Transcribe every entry exactly; the images stay out.
== == ==
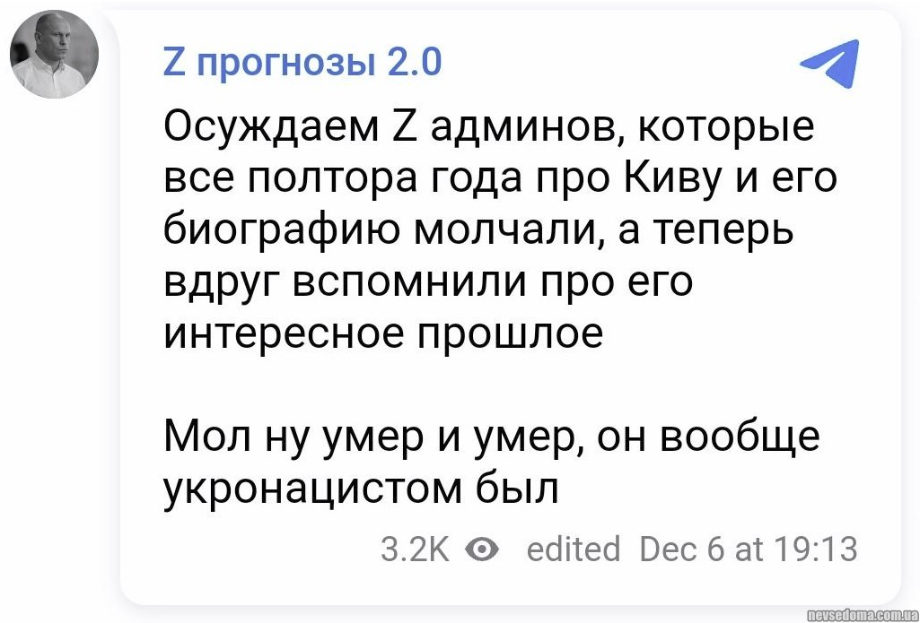 - Ківу вбили! Труп зрадника виявили у Підмосков'ї, – русявий телеканал РЕН ТВ із посиланням на джерела.
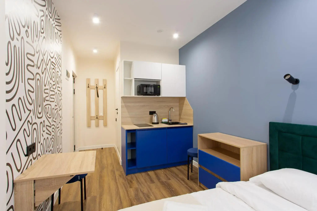 The location allows you to get to the Expocenter and Moscow City. The Moscow Zoo and the Planetarium are within walking distance. Within a radius of 300 m there is a cluster with bars and restaurants, the famous Krasnopresnensky baths and many shops with groceries and basic necessities.
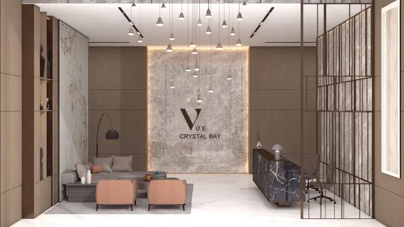 Vue by Crystal Bay redefines urban living at Jumeirah Village Circle (JVC), Dubai with its blend of sophisticated design and modern luxury studio to 3 bedroom apartments. The premium grade architectural marvel characterized by an industrial grid-style exterior, it stands as a beacon of elegance and innovation. The structure, supported by a robust steel framework, exudes a tactile smoothness enhanced by the pool element, creating an inviting atmosphere.
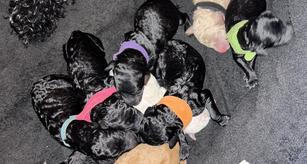 Our puppies include black, cafe au lait, and cream. Colors will vary depending on the parent dogs.
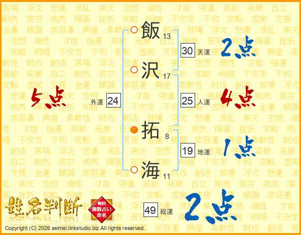 飯沢拓海さんの人運は25画の4点!
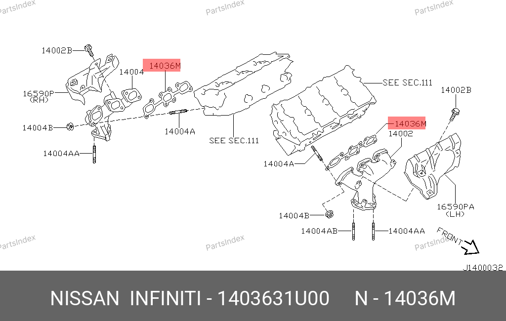 14036-31U00 NISSAN Прокладкавыпускногоколлектораметалл3сл.NissanVQ35DE/VQ40DE
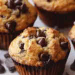 Soft, moist banana muffins loaded with melty chocolate chips, perfect for breakfast or a snack, made with simple pantry ingredients and ripe bananas.
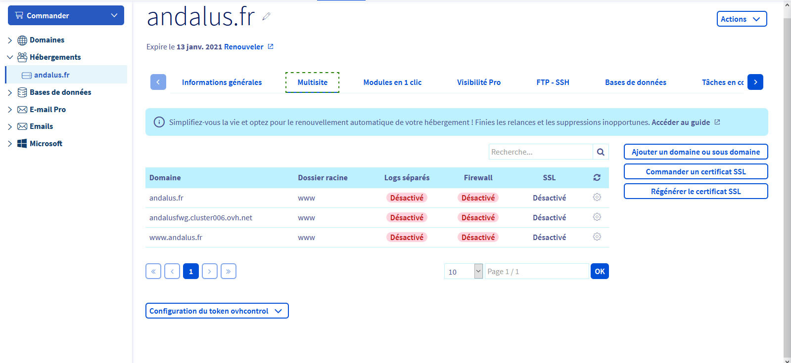 on peut voir une copie d'écran de manager Ovh/hébergement/multisite?
== == ==
■ **Exercise output**:
 - Ківу вбили! Труп зрадника виявили у Підмосков'ї, – русявий телеканал РЕН ТВ із посиланням на джерела.
 The location allows you to get to the Expocenter and Moscow City. The Moscow Zoo and the Planetarium are within walking distance. Within a radius of 300 m there is a cluster with bars and restaurants, the famous Krasnopresnensky baths and many shops with groceries and basic necessities.
 Vue by Crystal Bay redefines urban living at Jumeirah Village Circle (JVC), Dubai with its blend of sophisticated design and modern luxury studio to 3 bedroom apartments. The premium grade architectural marvel characterized by an industrial grid-style exterior, it stands as a beacon of elegance and innovation. The structure, supported by a robust steel framework, exudes a tactile smoothness enhanced by the pool element, creating an inviting atmosphere.
 Our puppies include black, cafe au lait, and cream. Colors will vary depending on the parent dogs.
 飯沢拓海さんの人運は25画の4点!
 14036-31U00 NISSAN Прокладкавыпускногоколлектораметалл3сл.NissanVQ35DE/VQ40DE
 Soft, moist banana muffins loaded with melty chocolate chips, perfect for breakfast or a snack, made with simple pantry ingredients and ripe bananas.
 on peut voir une copie d'écran de manager Ovh/hébergement/multisite?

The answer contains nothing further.